[Collected data entries]

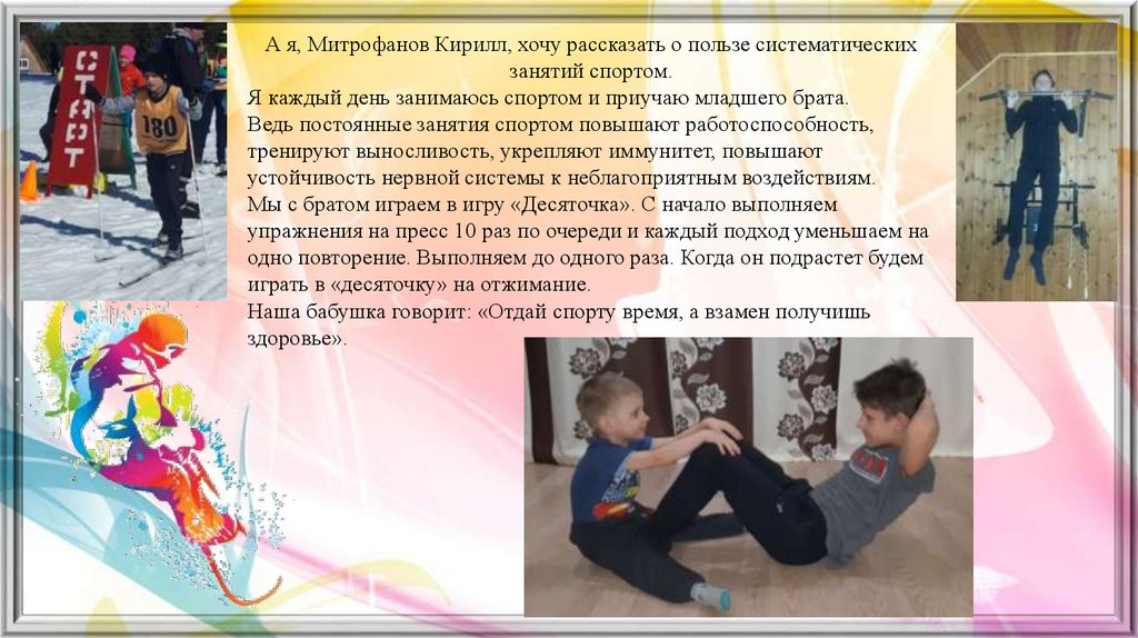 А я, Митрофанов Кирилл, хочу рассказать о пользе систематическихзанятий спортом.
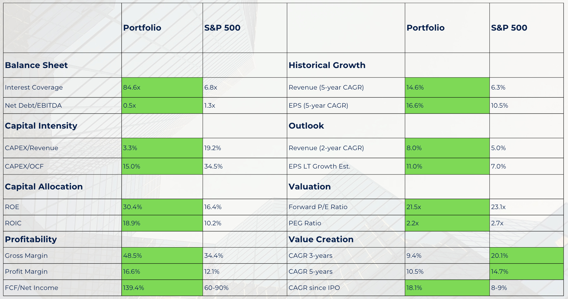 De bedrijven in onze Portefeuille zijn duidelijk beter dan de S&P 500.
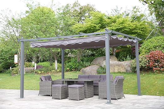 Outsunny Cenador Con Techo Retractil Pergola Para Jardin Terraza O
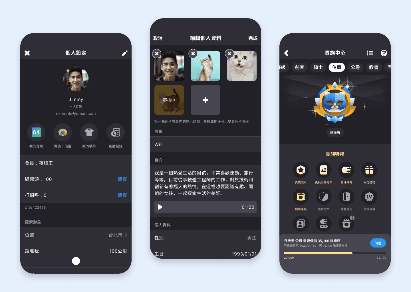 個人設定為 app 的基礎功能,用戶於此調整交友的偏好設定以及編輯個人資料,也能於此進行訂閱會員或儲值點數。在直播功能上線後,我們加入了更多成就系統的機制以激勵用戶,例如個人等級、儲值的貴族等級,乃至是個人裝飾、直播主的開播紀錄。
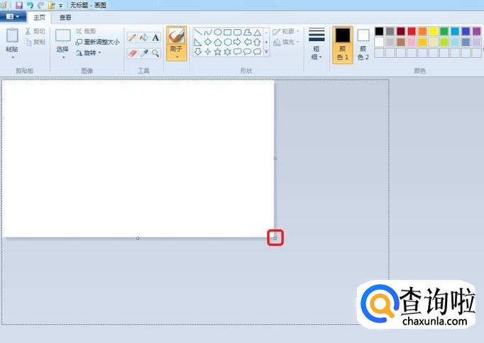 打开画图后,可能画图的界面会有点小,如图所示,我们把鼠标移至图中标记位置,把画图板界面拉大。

* Instructions to follow
Quote every record above exactly, omitting any pictures they contain.

* Exercise answer
 А я, Митрофанов Кирилл, хочу рассказать о пользе систематическихзанятий спортом.
 De bedrijven in onze Portefeuille zijn duidelijk beter dan de S&P 500.
 Outsunny Cenador Con Techo Retractil Pergola Para Jardin Terraza O
 個人設定為 app 的基礎功能,用戶於此調整交友的偏好設定以及編輯個人資料,也能於此進行訂閱會員或儲值點數。在直播功能上線後,我們加入了更多成就系統的機制以激勵用戶,例如個人等級、儲值的貴族等級,乃至是個人裝飾、直播主的開播紀錄。
 打开画图后,可能画图的界面会有点小,如图所示,我们把鼠标移至图中标记位置,把画图板界面拉大。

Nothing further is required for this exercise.